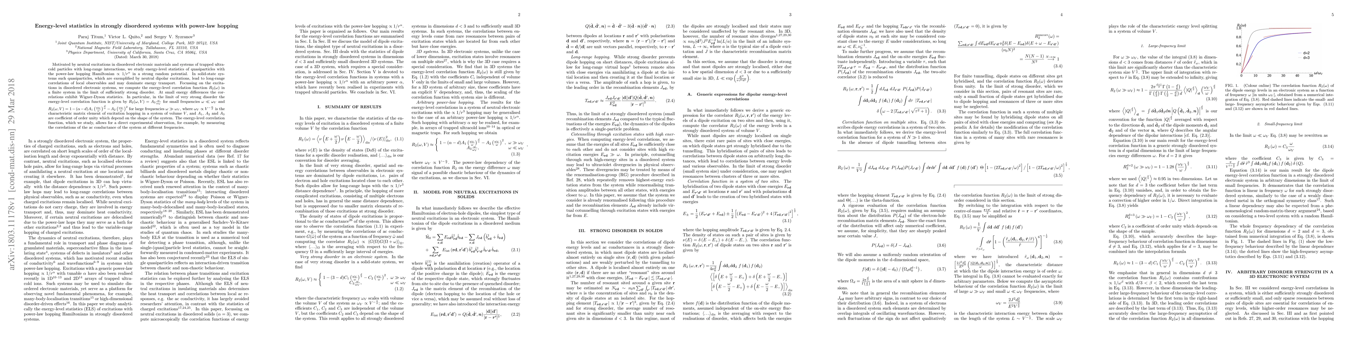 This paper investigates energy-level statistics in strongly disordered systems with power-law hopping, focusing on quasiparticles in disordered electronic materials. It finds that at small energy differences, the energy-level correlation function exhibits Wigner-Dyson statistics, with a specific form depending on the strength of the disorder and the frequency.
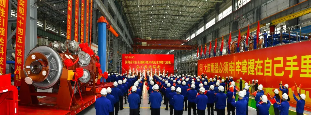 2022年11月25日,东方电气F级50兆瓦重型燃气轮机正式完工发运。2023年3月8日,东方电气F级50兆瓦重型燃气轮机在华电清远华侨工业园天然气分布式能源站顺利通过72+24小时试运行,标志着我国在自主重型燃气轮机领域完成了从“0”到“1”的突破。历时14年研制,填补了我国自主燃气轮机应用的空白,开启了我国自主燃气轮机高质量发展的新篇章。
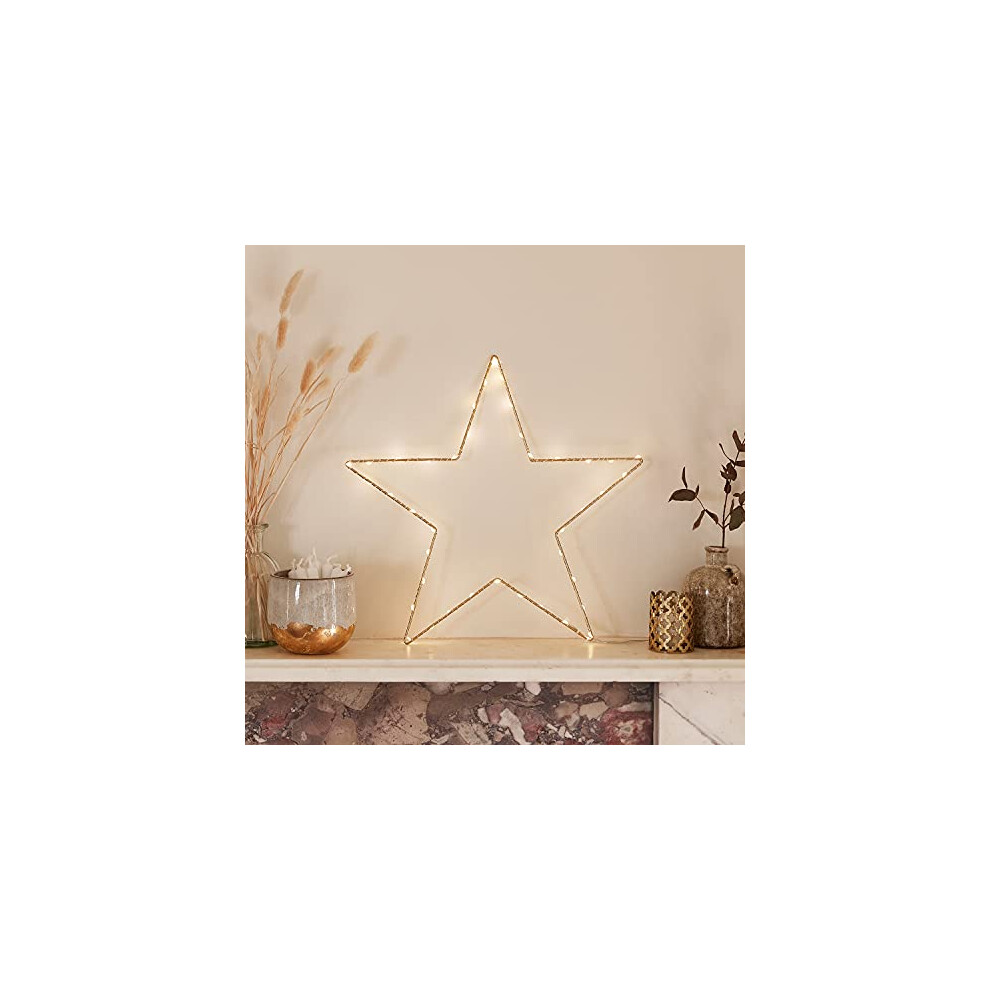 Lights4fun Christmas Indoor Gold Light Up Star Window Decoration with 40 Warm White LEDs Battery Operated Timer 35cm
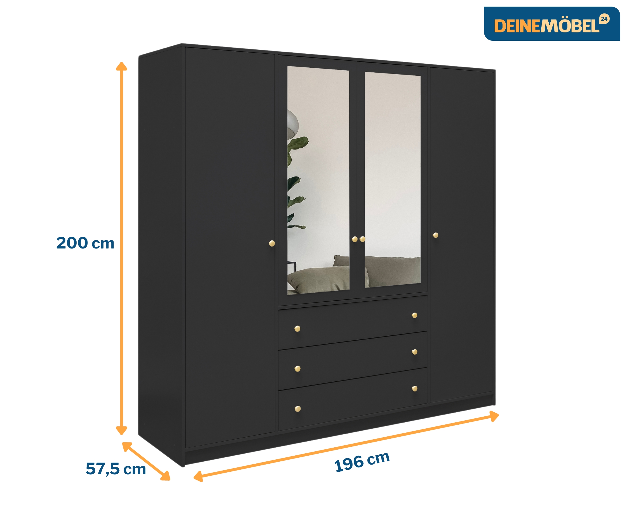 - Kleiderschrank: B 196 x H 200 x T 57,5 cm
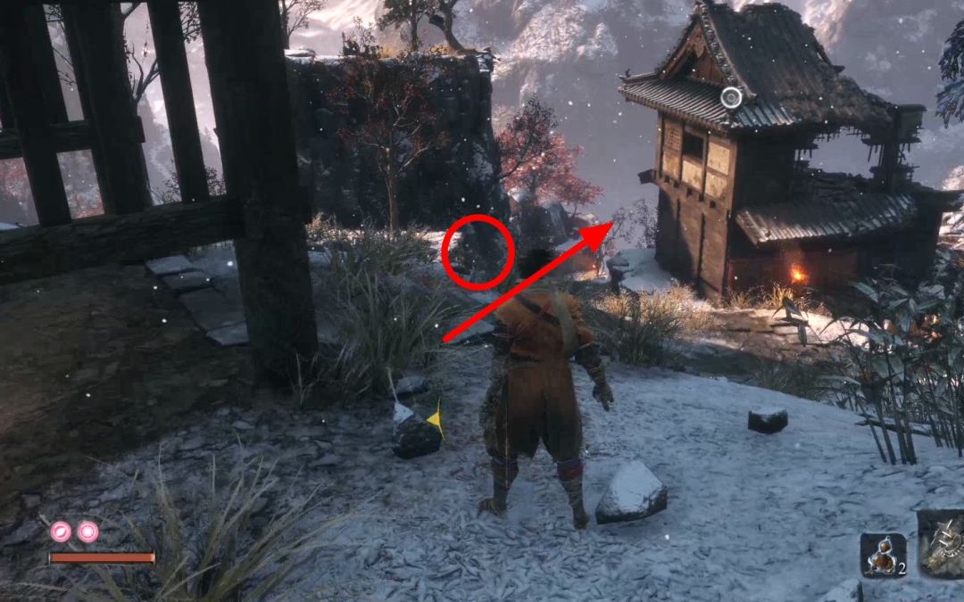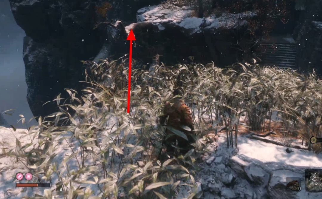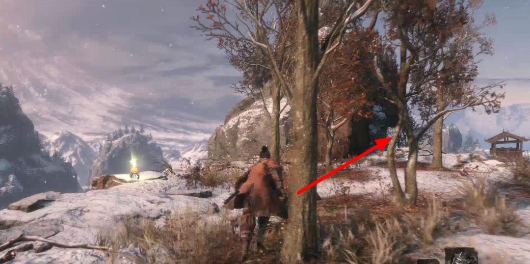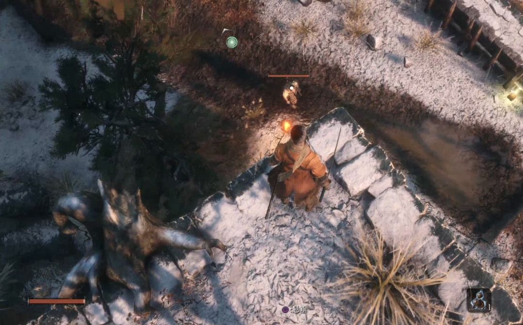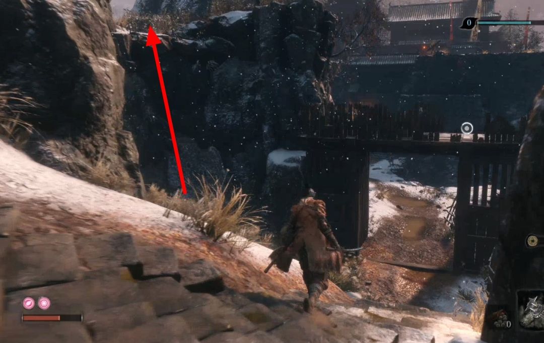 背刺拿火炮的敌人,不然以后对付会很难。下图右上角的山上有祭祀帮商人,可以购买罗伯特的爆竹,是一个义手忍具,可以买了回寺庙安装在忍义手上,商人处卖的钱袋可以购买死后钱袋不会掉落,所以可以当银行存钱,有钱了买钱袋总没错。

====

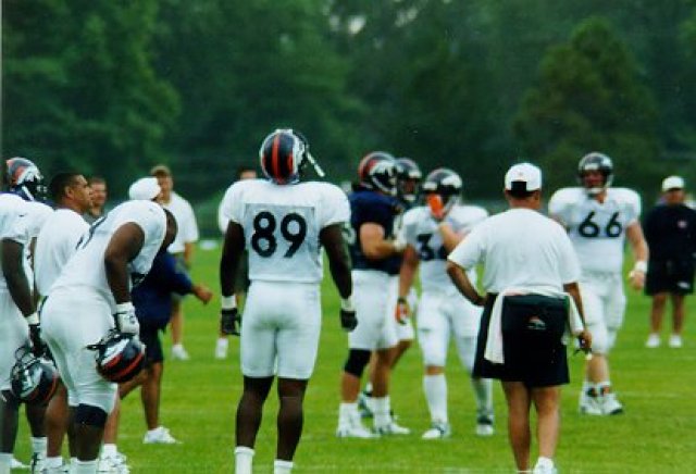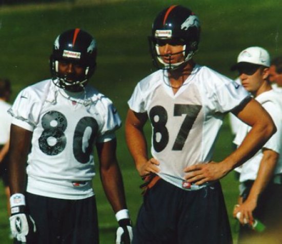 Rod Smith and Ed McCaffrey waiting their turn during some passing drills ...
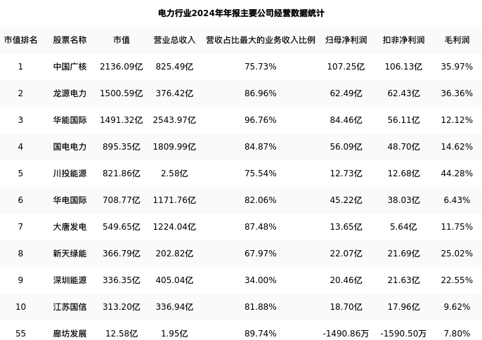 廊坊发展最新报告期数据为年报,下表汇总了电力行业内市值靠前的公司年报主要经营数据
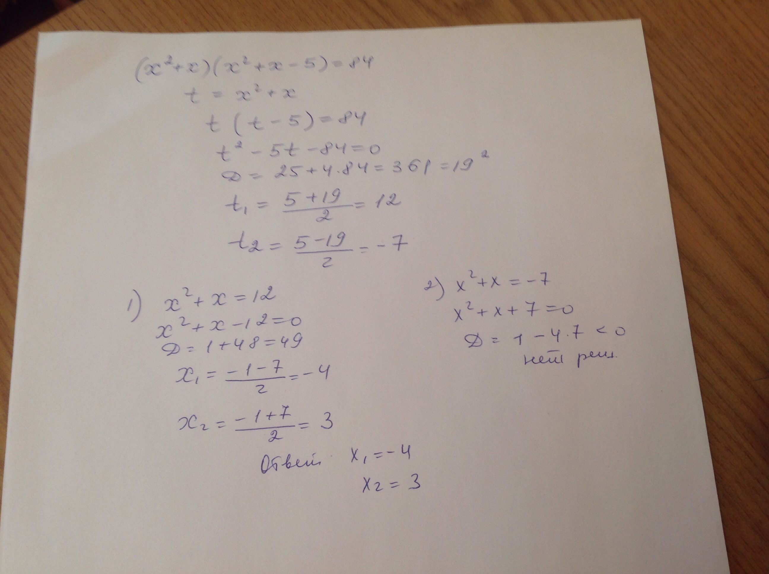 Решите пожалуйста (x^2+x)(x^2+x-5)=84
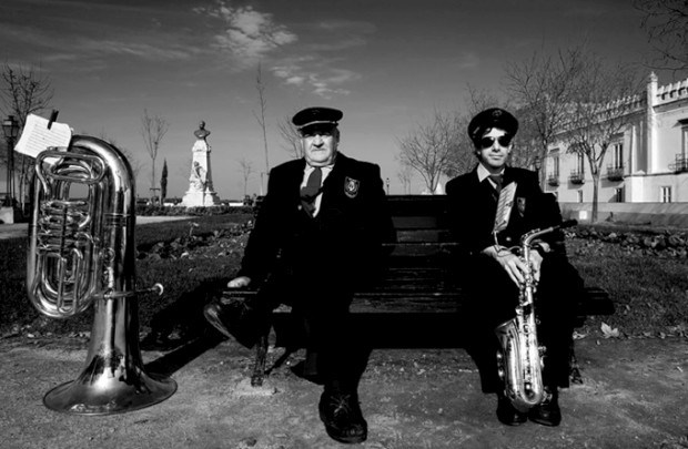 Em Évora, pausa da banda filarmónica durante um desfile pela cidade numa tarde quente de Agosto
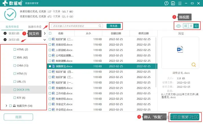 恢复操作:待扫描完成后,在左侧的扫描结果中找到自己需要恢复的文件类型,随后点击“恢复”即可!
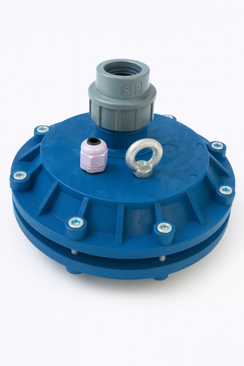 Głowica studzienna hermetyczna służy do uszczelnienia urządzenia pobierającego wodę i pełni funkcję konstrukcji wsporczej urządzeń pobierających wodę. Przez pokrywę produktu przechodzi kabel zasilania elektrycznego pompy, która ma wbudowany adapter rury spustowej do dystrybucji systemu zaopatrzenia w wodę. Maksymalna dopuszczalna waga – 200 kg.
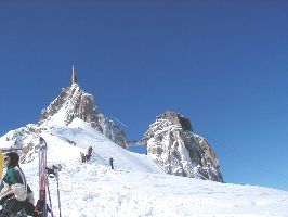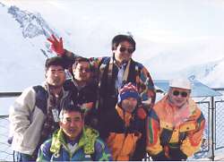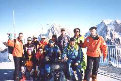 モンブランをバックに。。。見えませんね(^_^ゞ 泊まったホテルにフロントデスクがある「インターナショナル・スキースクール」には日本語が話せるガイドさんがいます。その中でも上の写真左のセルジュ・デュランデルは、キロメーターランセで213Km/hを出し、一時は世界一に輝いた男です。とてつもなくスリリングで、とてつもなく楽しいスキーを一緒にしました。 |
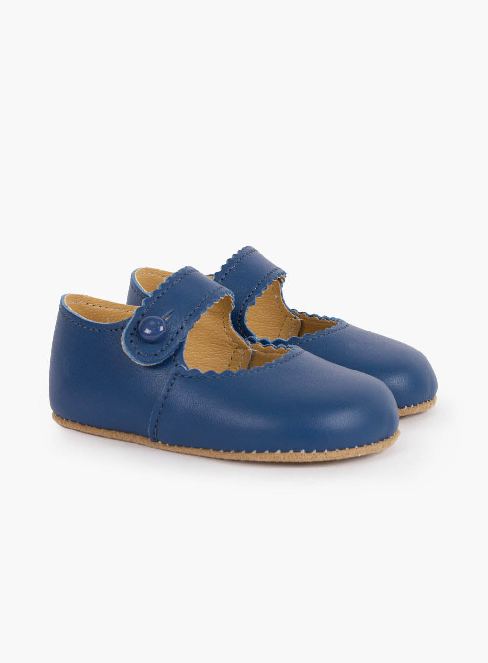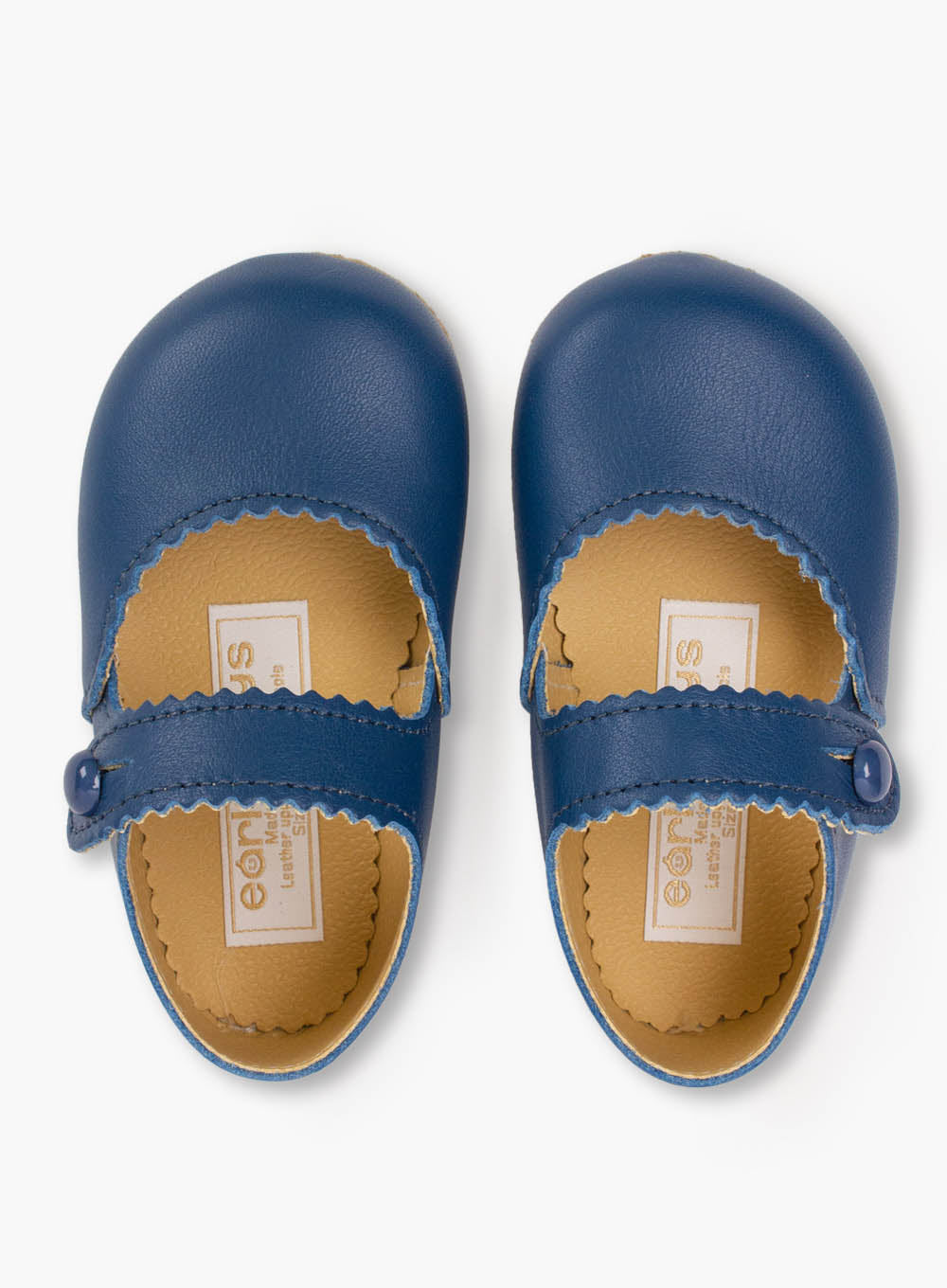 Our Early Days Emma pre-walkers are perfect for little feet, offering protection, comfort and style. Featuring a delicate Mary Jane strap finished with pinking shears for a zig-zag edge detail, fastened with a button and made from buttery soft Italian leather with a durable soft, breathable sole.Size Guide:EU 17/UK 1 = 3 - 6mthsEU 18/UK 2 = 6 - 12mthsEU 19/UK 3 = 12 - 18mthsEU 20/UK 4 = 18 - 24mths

====

### Assignment
The answer is those lines of the material above that run from the one containing "恢复操作:待扫描完成后,在左" up to and including the one containing "Our Early Days", restated exactly and without images.

### Result for this exercise
 恢复操作:待扫描完成后,在左侧的扫描结果中找到自己需要恢复的文件类型,随后点击“恢复”即可!
 Głowica studzienna hermetyczna służy do uszczelnienia urządzenia pobierającego wodę i pełni funkcję konstrukcji wsporczej urządzeń pobierających wodę. Przez pokrywę produktu przechodzi kabel zasilania elektrycznego pompy, która ma wbudowany adapter rury spustowej do dystrybucji systemu zaopatrzenia w wodę. Maksymalna dopuszczalna waga – 200 kg.
 モンブランをバックに。。。見えませんね(^_^ゞ 泊まったホテルにフロントデスクがある「インターナショナル・スキースクール」には日本語が話せるガイドさんがいます。その中でも上の写真左のセルジュ・デュランデルは、キロメーターランセで213Km/hを出し、一時は世界一に輝いた男です。とてつもなくスリリングで、とてつもなく楽しいスキーを一緒にしました。 |
 Our Early Days Emma pre-walkers are perfect for little feet, offering protection, comfort and style. Featuring a delicate Mary Jane strap finished with pinking shears for a zig-zag edge detail, fastened with a button and made from buttery soft Italian leather with a durable soft, breathable sole.Size Guide:EU 17/UK 1 = 3 - 6mthsEU 18/UK 2 = 6 - 12mthsEU 19/UK 3 = 12 - 18mthsEU 20/UK 4 = 18 - 24mths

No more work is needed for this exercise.